Toujours selon la Drees, sur la mortalité prématurée, celle qui intervient avant 75 ans, ce sont bien les maladies cancéreuses qui pèsent le plus.
Donc, globalement pour la population française, le cancer est bien passé en tête devant les maladies cardiovasculaires en termes de causes de mortalité.
Les indicateurs qui sont les plus préoccupants (selon ECIS(ecis.jrc.ec.europa.eu)et OCDE (oecd.org), Santé Publique France, registres nationaux) :
- Forte incidence du cancer du sein, notamment chez les femmes jeunes.
- Surmortalité masculine avant 60 ans comparée à certains pays européens.
- Augmentation de certains cancers chez les 15-39 ans (+7 % pour certains types entre 2000 et 2020).
- Sur cette période, six cancers montrent une augmentation continue de l’incidence : le lymphome de Hodgkin, le glioblastome, le liposarcome, et les carcinomes du rein, du sein et colorectal.
A l’échelle mondiale à présent et selon le GBD, concernant l’augmentation de l’incidence du cancer du sein, la majorité des études nord-américaines et européennes rapportent une augmentation récente de l’incidence du cancer du sein chez les femmes de moins de 50 ans, généralement modeste (environ 0,5 à 1 % par an en Amérique du Nord et 1 à 2 % en Europe, jusqu’à 2,7 % au Portugal). À l’inverse, plusieurs études observent une diminution chez les femmes de plus de 50 ans.
Cette méta-analyse sur la tendance des cancers chez les jeunes adultes confirme une augmentation faible mais significative chez les moins de 50 ans (≈ 0,94 % par an), plus marquée chez les 20–29 ans (≈ 2,45 % par an). Certaines données suggèrent que cette hausse chez les jeunes pourrait concerner davantage les formes invasives ou métastatiques.
les auteurs concluent « Même si l’augmentation de l’incidence du cancer du sein chez les jeunes femmes a été systématiquement signalée en Europe et en Amérique du Nord, cette augmentation a été modeste et le risque global reste faible. L’augmentation de l’incidence du cancer du sein et du cancer colorectal est observée chez des individus dès l’âge de 20–25 ans, qui sont peu susceptibles de subir un dépistage même avec des antécédents familiaux de la maladie, et elle est systématiquement décrite dans un certain nombre de pays à revenu élevé à travers le monde, malgré des systèmes de prestation de soins de santé et des politiques de dépistage différents. En outre, certaines études ont signalé une augmentation spécifique des maladies invasives et à un stade avancé dans les groupes d’âge plus jeunes, plutôt que l’augmentation des tumeurs indolentes … »

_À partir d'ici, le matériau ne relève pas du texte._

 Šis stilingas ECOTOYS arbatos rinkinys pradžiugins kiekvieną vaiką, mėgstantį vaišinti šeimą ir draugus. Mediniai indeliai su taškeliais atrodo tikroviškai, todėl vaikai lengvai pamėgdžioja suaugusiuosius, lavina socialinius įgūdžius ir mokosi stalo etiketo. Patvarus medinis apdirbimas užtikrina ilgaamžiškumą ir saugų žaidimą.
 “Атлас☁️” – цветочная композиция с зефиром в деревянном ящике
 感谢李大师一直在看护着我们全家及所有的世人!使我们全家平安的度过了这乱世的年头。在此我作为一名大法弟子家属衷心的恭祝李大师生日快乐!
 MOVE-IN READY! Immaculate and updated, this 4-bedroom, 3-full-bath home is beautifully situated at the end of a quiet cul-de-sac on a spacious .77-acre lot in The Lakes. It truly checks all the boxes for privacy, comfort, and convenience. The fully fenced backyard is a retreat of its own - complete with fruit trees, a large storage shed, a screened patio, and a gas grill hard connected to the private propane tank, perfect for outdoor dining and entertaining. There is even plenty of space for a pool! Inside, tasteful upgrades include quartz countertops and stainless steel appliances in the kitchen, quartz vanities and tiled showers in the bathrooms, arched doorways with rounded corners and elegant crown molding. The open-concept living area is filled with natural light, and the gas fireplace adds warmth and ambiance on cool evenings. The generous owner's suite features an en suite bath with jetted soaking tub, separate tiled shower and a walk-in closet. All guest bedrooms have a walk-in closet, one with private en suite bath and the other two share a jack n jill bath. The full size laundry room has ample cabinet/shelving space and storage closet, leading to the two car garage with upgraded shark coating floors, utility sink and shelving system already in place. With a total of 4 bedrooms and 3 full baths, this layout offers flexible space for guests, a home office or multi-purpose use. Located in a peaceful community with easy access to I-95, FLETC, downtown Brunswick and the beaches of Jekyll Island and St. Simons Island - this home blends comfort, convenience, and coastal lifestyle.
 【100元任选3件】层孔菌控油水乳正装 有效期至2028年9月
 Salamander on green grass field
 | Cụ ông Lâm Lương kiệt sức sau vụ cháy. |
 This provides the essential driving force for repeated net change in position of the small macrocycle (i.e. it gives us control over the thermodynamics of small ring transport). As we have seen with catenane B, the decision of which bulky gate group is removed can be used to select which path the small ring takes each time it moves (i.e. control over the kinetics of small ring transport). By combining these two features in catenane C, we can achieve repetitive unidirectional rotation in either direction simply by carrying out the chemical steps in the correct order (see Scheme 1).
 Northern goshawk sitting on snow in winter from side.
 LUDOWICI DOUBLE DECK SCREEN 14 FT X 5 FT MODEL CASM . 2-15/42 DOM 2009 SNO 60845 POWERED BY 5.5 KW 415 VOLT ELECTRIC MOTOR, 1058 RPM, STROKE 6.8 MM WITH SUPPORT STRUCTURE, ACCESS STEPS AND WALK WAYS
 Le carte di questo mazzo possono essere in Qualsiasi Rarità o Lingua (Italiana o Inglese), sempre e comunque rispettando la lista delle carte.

L’augmentation du cancer du pancréas depuis les années 40/50 est visible également tout autour du globe, en cause le développement de la nourriture industrielle, de l’agro-industrie, avec là aussi une diminution toutefois chez les > 50 ans.
La tendance à la diminution de la consommation tabagique est soulignée, en revanche, le retentissement sur l’incidence du cancer pulmonaire est variable.
l’article Global cancer statistics de 2022 (GLOBOCAN estimates of incidence and mortality worldwide for 36 cancers in 185 countries) mentionne que le cancer du poumon non-fumeur est en effet en nette augmentation en Asie de l’Est où les expositions environnementales (pollutions avérées ), au travail (exposition aux produits chimiques) et la cuisson traditionnelle à la maison peuvent expliquer partiellement ce constat. Ceci étant corroboré par le fait que c’est surtout une augmentation des adénocarcinomes liés à la pollution et les carcinomes des cellules squameuses des bronches, liés au tabac.
Pour les adultes (hommes) : la tendance est à la baisse pour les taux standardisés du cancer du poumon dans de nombreux pays avancés, en lien avec la baisse de la consommation du tabac.
Pour les adultes (femmes) : on constate malheureusement une augmentation historique plus tardive du cancer du poumon, avec une transition vers une possible stabilisation ou un ralentissement des hausses selon les pays.
L’incidence globale est très faible, mais certains signaux de cancers chez des non‑fumeurs pointent vers des facteurs environnementaux autres que le tabac.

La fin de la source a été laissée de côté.